Храм
Шрифт:
Илья послушно взглянул на ангела, опять попытался поймать его взгляд. Не получилось. Подошел. Сунул палец в дырку от пули. Пощупал. Пуля была на месте.
— Отчего же он не вытек из этой дырки?
Сказал — и тут же пожалел. Не нужно было так говорить. Никак не избавлюсь от манеры опошлять не свои мысли. От дешевой клоунады.
— Вот что, дорогой...
Илья вдруг осознал, что произносить слова ему трудно. Язык был тяжелым. Уже который месяц Илья был в постоянном напряжении. Не только днем, но и ночью. Равнодушие — ко всему, ко всему — разрасталось в нем, как раковая опухоль. Оно меня и убьет... Может быть, пока я паразитировал на любви Марии, мой собственный генератор заржавел, как говорят медики — атрофировался? Если так, не долго музыке играть...
Кстати: а с какой целью я хотел повидать Строителя?..
Илья попытался вспомнить — и не смог.
Самое правильное — повернуть назад... Да и время поджимает.
— Время поджимает, — сказал Илья, но пошел не к выходу, а к дощатому трапу, ведущему наверх.
Монотонный подъем освободил их головы от мыслей. На крышу они вышли через полукруглый проем, ожидающий витража. Здесь было хорошо. Легкий ветерок, на который внизу не было даже намека, сразу наполнил и
Здесь, на крыше, звуки, на которые они шли, не стали громче — их скрадывало пространство, — зато оно же очистило их, освободив от посторонних шумов. Поднявшись на гребень крыши, они наконец увидали Строителя. Он сидел в тени купола, его глаза были закрыты. Он играл свободно, очевидно, не думая о музыке, не замечая ее. Медитируя таким образом. Во всяком случае, их шагов он не услышал.

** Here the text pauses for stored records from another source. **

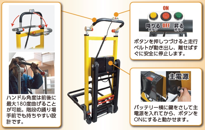 ・ハンドル角度は180度調整可能で階段の踊り場手前でもハンドルが持ちやすい
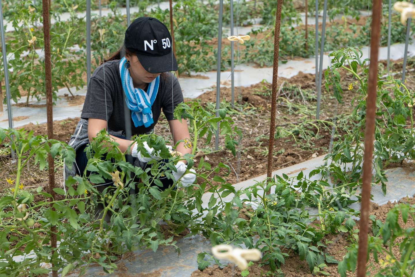 畑にて”誘引”の作業。数百本のトマトを前に、黙々と作業したそうです。
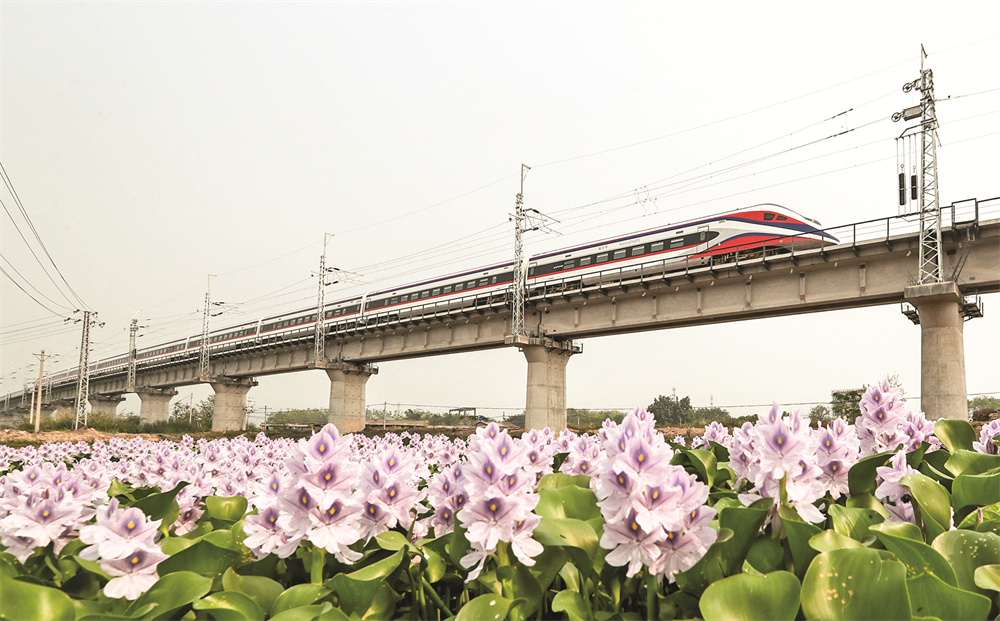 4月13日,从老挝万象站驶出的D888次“澜沧号”列车行驶在云南省西双版纳州境内的中老铁路橄榄坝特大桥上。
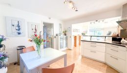 Als funktionale Schaltzentrale des Haushalts präsentiert sich der Hauswirtschaftsraum, der direkt an die Küche angrenzt und über integrierte Küchenelemente wie Kühl-/Gefrierschrank und Spülbecken verfügt.
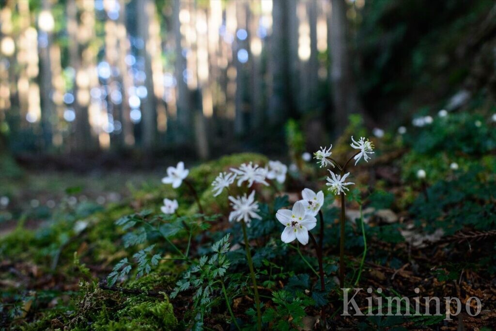 熊野古道沿いで、早春の花「バイカオウレン」と「コセリバオウレン」が見頃を迎えています。バイカオウレンは、梅の花に似た姿から、コセリバオウレンは葉がセリに似ていることから名付けられたそうです。いずれも小さな花です。この季節に古道を歩くときには、ぜひ足元に目をやってください。
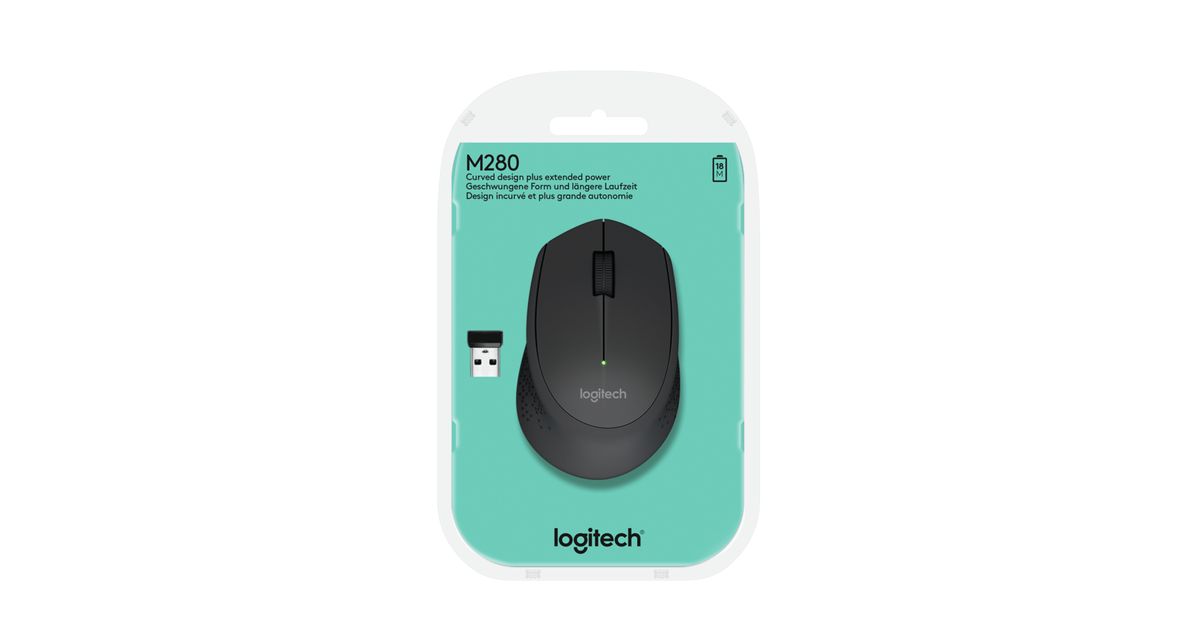 Logitech M280, Parempoolne, Optiline, Raadioside, 1000 DPI, Must
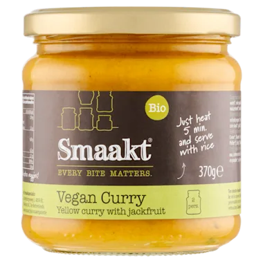 Ingrediënten: Jackfruit* 30%, (jackfruit*, water, zeezout, limoensap*), water, kokoscrème*, wortel*, rode paprika*, prei*, kokosbloesemsuiker*, ui*, zeezout, kerriepoeder* <lt/>1% (kurkuma*, gemberpoeder*, zout, zwarte peper*), azijn*, maïszetmeel*, knoflook*, zuurteregelaar (melkzuur), *=biologisch.
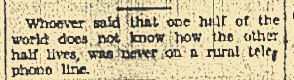 Whoever said that one half of the world does not know hot the other half lives, was never on a rural city phone line.
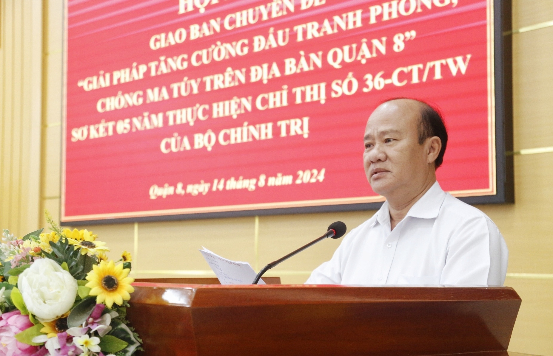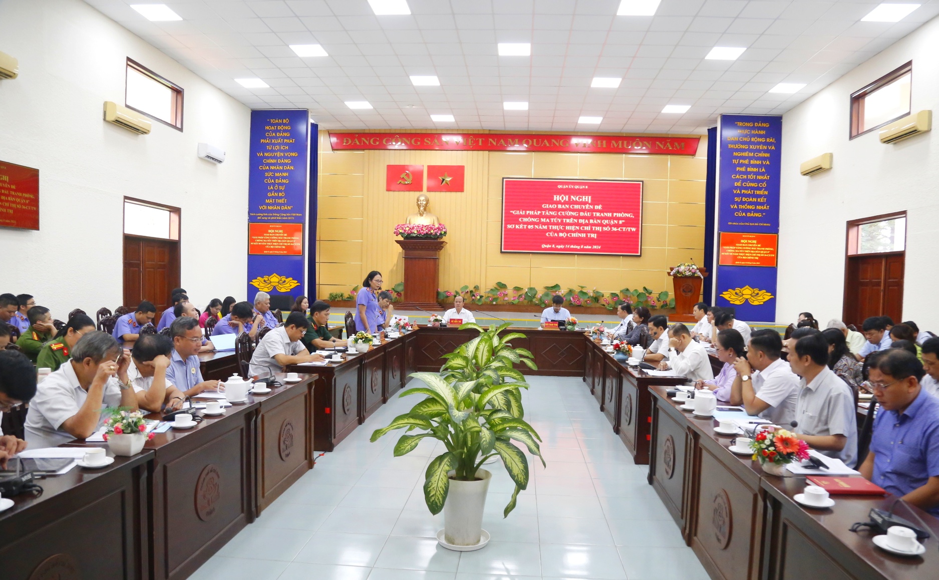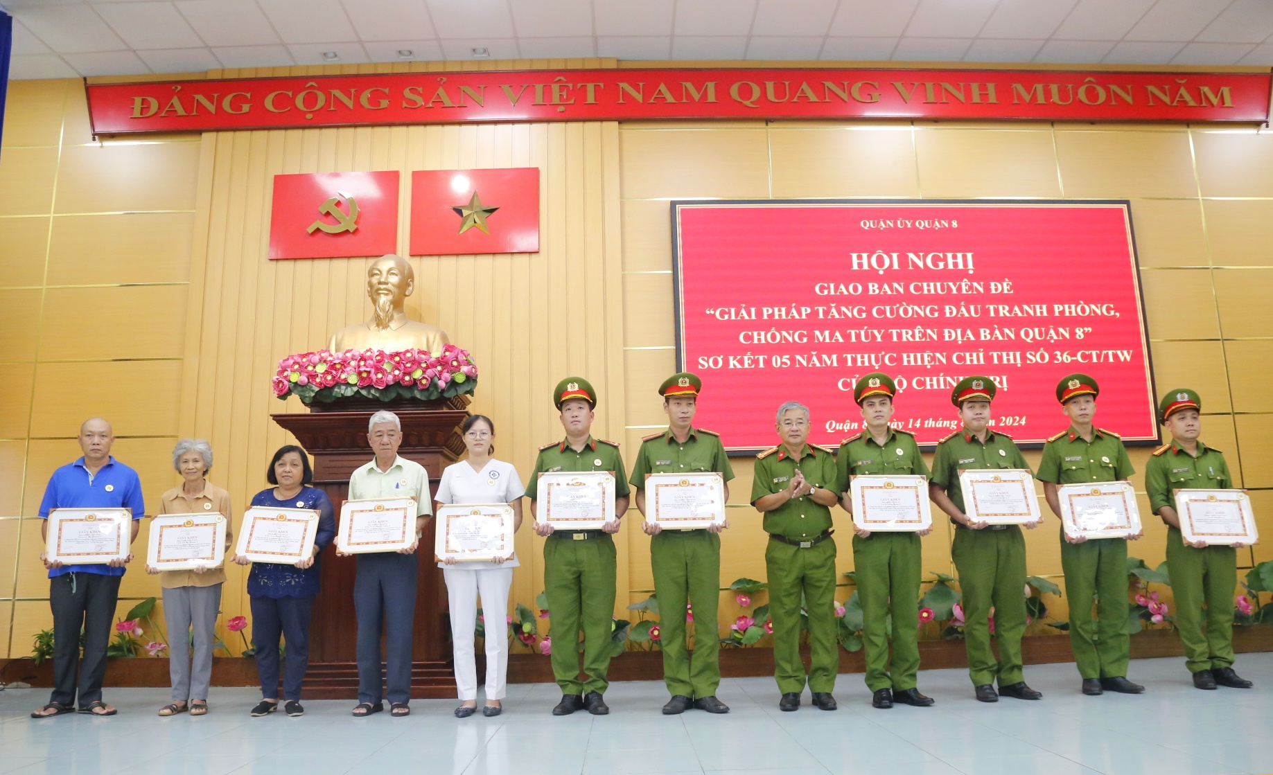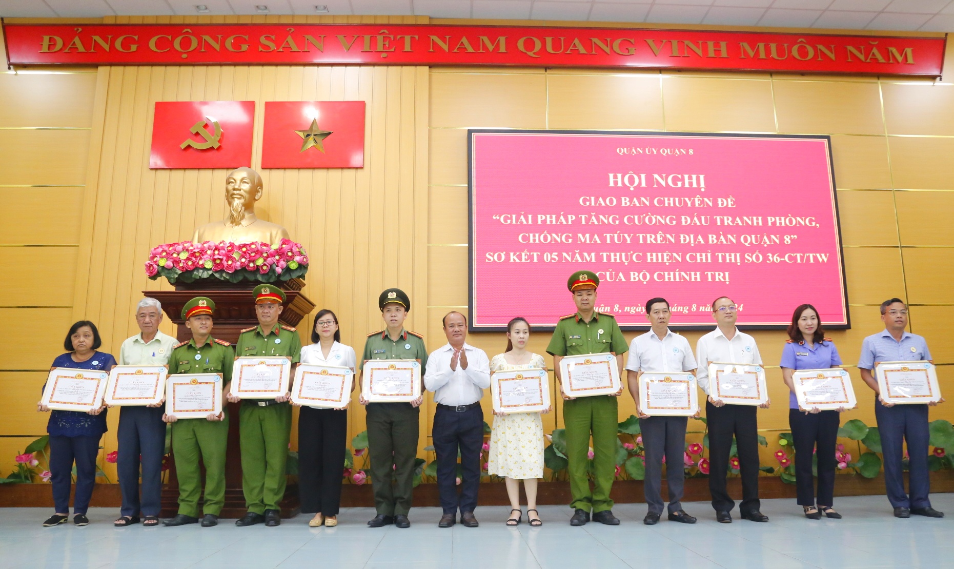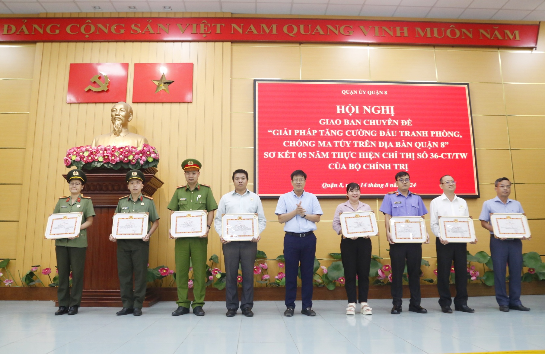 Sáng ngày 14/8, Quận ủy Quận 8 tổ chức hội nghị giao ban chuyên đề “Giải pháp tăng cường đấu tranh phòng, chống ma túy trên địa bàn quận” và sơ kết 05 năm thực hiện Chỉ thị số 36-CT/TW ngày 16 tháng 8 năm 2019 của Bộ Chính trị về tăng cường, nâng cao hiệu quả công tác phòng, chống và kiểm soát ma túy trên địa bàn quận (gọi tắt là Chỉ thị số 36-CT/TW).
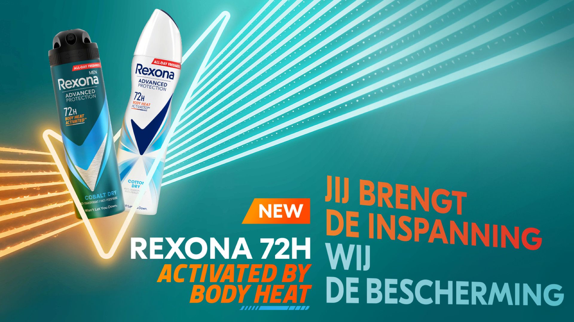 Dankzij de unieke technologie van Rexona zorgt de antitranspirant voor urenlange frisheid. Door deze technologie blijven microcapsules achter op je huidoppervlak. Die microcapsules worden vervolgens geactiveerd door beweging. Wrijving maakt dat de capsules openbarsten, waardoor een explosie van een frisse geur vrijkomt. Zo blijf je de hele dag lekker fris ruiken, ook als je volop in beweging bent. Zweet vlekken en lichaamsgeur houden jou daarom niet tegen. Blijf fris en droog zonder over je kleding te piekeren. Rexona blijft je beschermen, het maakt niet uit hoeveel je beweegt. Zelfs als je een berg beklimt, achter de bus aan rent, een presentatie geeft aan je baas of op een eerste date gaat, kun je vertrouwen op de beste zweetbescherming van Rexona. Rexona, it won't let you down.
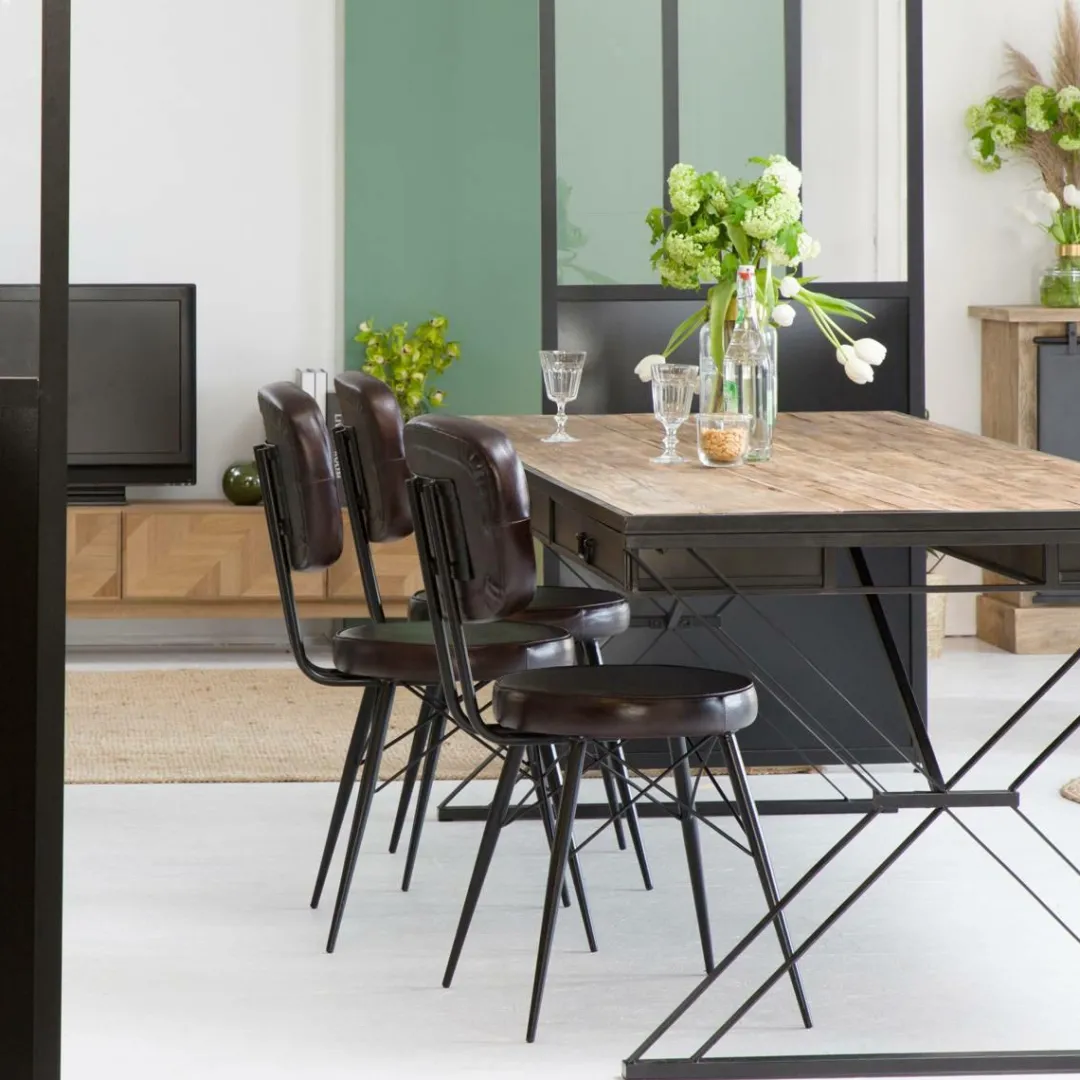 Cette chaise industrielle vendue par lot de deux est réalisée à partir de matériaux de qualité à savoir du cuir marron foncé pour son assise, ainsi que du métal noir pour son piétement. Son atout déco ? Sans aucun doute, son design ! On adore son assise ronde et son dossier rectangulaire qui apporteront un confort indéniable. Coup de coeur pour son piétement Eiffel qui amène l’esprit tendance et original à l’ensemble de ce lot de chaises.
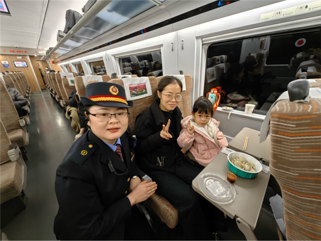 从协助旅客安放行李、引导入座,到途中主动送上热水、提醒到站时间,再到悉心照料晕车旅客、帮助儿童旅客找到家人,乘务员们用细致入微的服务,为旅客的出行保驾护航。一位带着孩子出行的旅客感动地说:“本来还担心带着孩子坐车不方便,没想到乘务员全程照顾得这么周到,这个冬至旅途太暖心了,在列车上吃饭了暖心的饺子!”
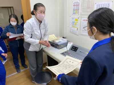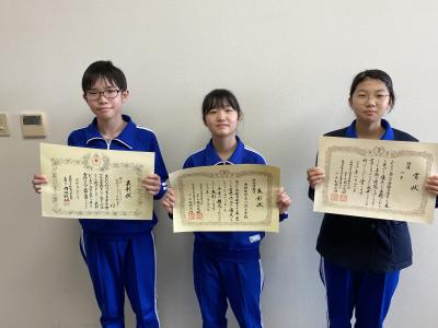 お昼の放送で,県書きぞめ展と青少年赤十字の作文の表彰を行いました。入賞された皆さんおめでとうございます。
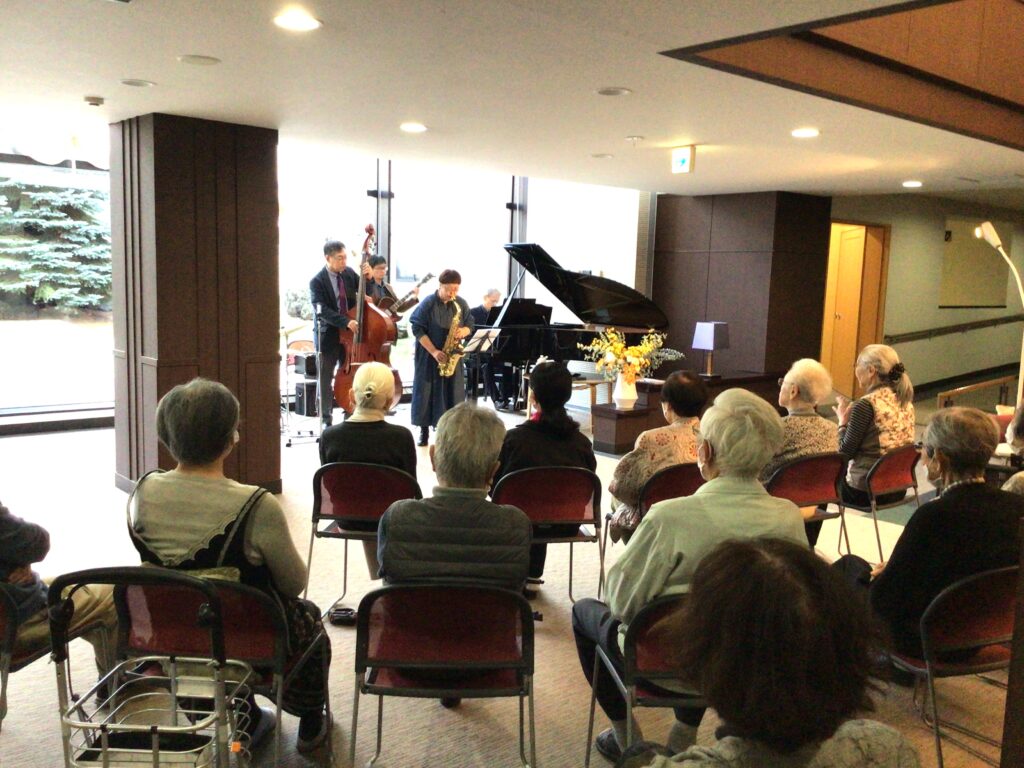 ジャズの温かな音色にご入居者様がうっとりと耳を傾け、
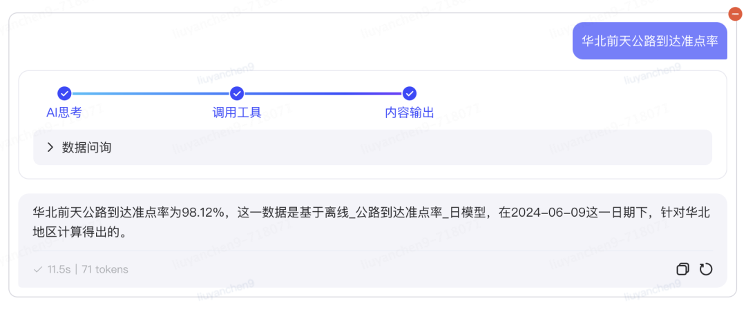 为提升业务的使用体验,确保统一平台统一问答入口出口,后台将知识问答与数据分析能力进行了有机融合。用户query提出后,首先调用数据分析问答接口,若意图命中输出数据类结果,若未命中数据意图,则再次请求知识问答接口,返回知识卡片结果。四、能力展示

Они переглянулись — и не стали его окликать, чтобы не упустить неожиданный подарок: возможность неспешно понять человека, которого им предстояло обыграть. Но из этой затеи ничего не вышло. Правда, Искендер все же проявил упорство и побарахтался несколько секунд: сдаться сразу у него не было оснований. Ведь когда-то — в прошлой, московской жизни, — ему пришлось немало порисовать в студии, в том числе и портреты с натуры. Преподаватель учил не копировать жизнь, а линией и объемом передавать состояние души человека, «а если повезет, — говаривал он, — то и отношения его с Богом. Всегда ищите именно это, и тогда дома, которые вы построите, будут не загоном для рабов, а местом, где отдыхает и трудится душа». Искендеру нравился такой подход, он старался развивать в себе это. Уж как оно получалось — сейчас трудно судить; наверное, какие-то успехи были (или он их воображал: наш ум при каждом удобном случае лепит утешительные фантомы — иначе как жить?), но с тех пор Искендер считал себя физиогномистом. А тут случилась осечка. Ничего не приходило в голову. Не было зацепок. Мужик был самый обыкновенный. Таких Искендер навидался несчетно. Вот когда что-нибудь произойдет необычное — и Строителю придется раскрыться, — тогда и снимем с него скальп, решил Искендер и переключился на более простую задачу: попытался понять по движениям пальцев и по состоянию мышц лица Строителя — действительно ли он не услышал пришедших или только делает вид, что медитирует. Но и на этой простенькой задачке он неожиданно для себя поскользнулся. Он вдруг понял, что перед ним нечто большое. И непостижимое для него. Откуда возникло это чувство? Вот на этот вопрос Искендер мог ответить сразу: страх и зависть. Страх и зависть, господа! — как в том знаменательном случае с баварским домом; в том случае, который так легко, без малейшего усилия — как Архимед собирался справиться с Землей — повернул его жизнь...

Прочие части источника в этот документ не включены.